You’re going to hear it said that anger is just “sadness’s bodyguard”— but I don’t believe that.
I believe that anger, while it frequently occurs alongside sadness, is its own thing— as real and valid and independent as any experience, emotional or otherwise.
Remember that anger evolved for a reason.
The cave-people who could get angry when other cave-people tried to encroach upon their territory and steal their mates and wooly mammoths and stuff, had a survival advantage over those cave-people who couldn’t.
Anger, evolutionarily speaking, gives us a rush of focus and energy to defend our territory.
Anger is important. Anger is valid. Anger matters.

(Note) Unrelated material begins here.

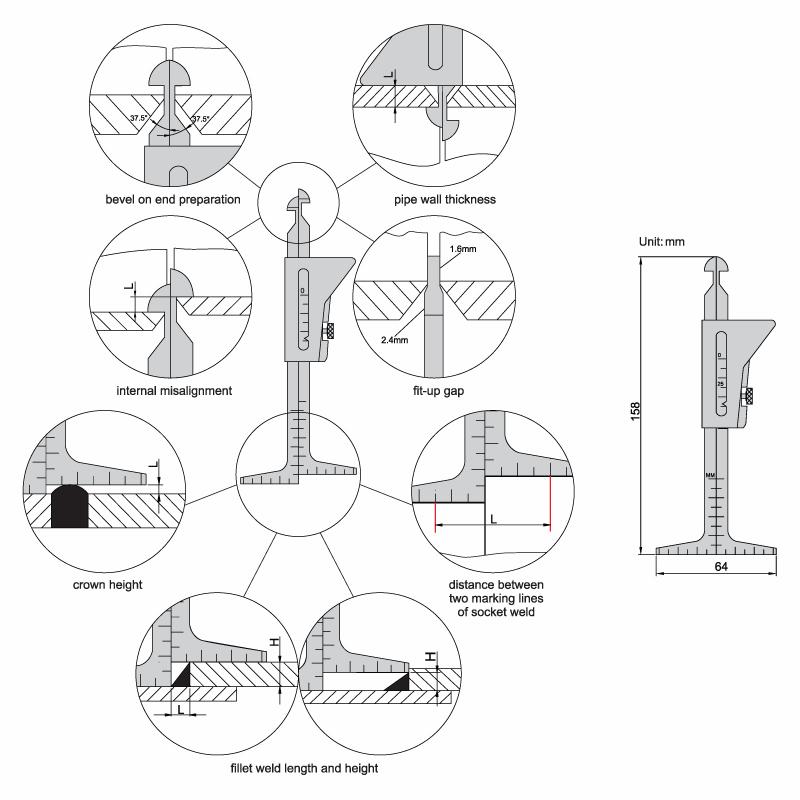 Rustfri kantforskydningslære 0-35 mm, luftspalte 1,6 og 2,4 mm, godstykkelses måling 0-45 mm. Med stor fod, til kontrol af kantforskydning, mm og inch. skala.

It it sometimes the case that our anger in a specific situation is actually about a different situation, maybe from the past? Sure— but that doesn’t make it invalid.

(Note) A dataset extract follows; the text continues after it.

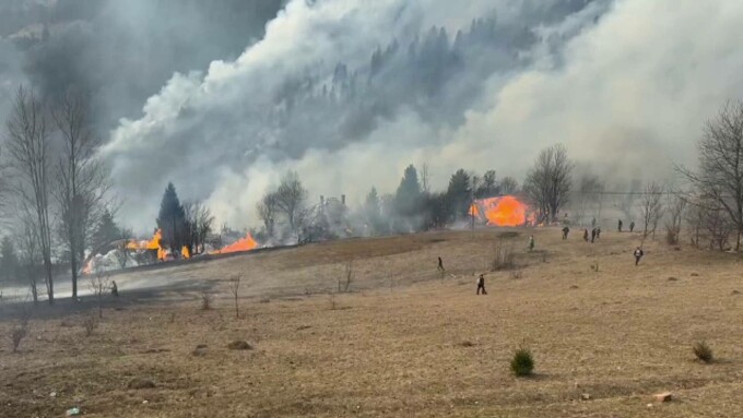 În altă zonă a judeţului, mai multe case au fost amenințate de flăcări uriașe.

The worst thing we can do for and with our anger is to dismiss it as nothing more than the “bodyguard” of another feeling.

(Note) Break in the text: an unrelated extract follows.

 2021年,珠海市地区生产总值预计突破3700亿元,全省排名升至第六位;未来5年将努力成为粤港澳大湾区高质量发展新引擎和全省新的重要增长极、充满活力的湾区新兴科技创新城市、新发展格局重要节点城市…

Anger, properly understood and responsibly managed, can be one of our most important trauma recovery tools.
Of course, denied, disowned, misunderstood, and mismanaged, our anger can be as destructive to us as our abusers’ anger was back then.
That’s why it’s so important that we take time to understand, validate, and manage our anger— precisely so we DON’T become our abusers in how we react (instead of respond) to our anger.
Sometimes I get sh*t for being pro-anger— but I don’t know what to tell you. Anger is as important and valid as anything else we can experience.
Meeting our anger with denial or shame is psychologically and even physically harmful to us.
I recommend meeting anger just like we meet anything and everything else in trauma recovery: with compassion, patience, realism, and respect.
Experiencing anger doesn’t make you an “angry person.”
But denying and disowning your anger probably will.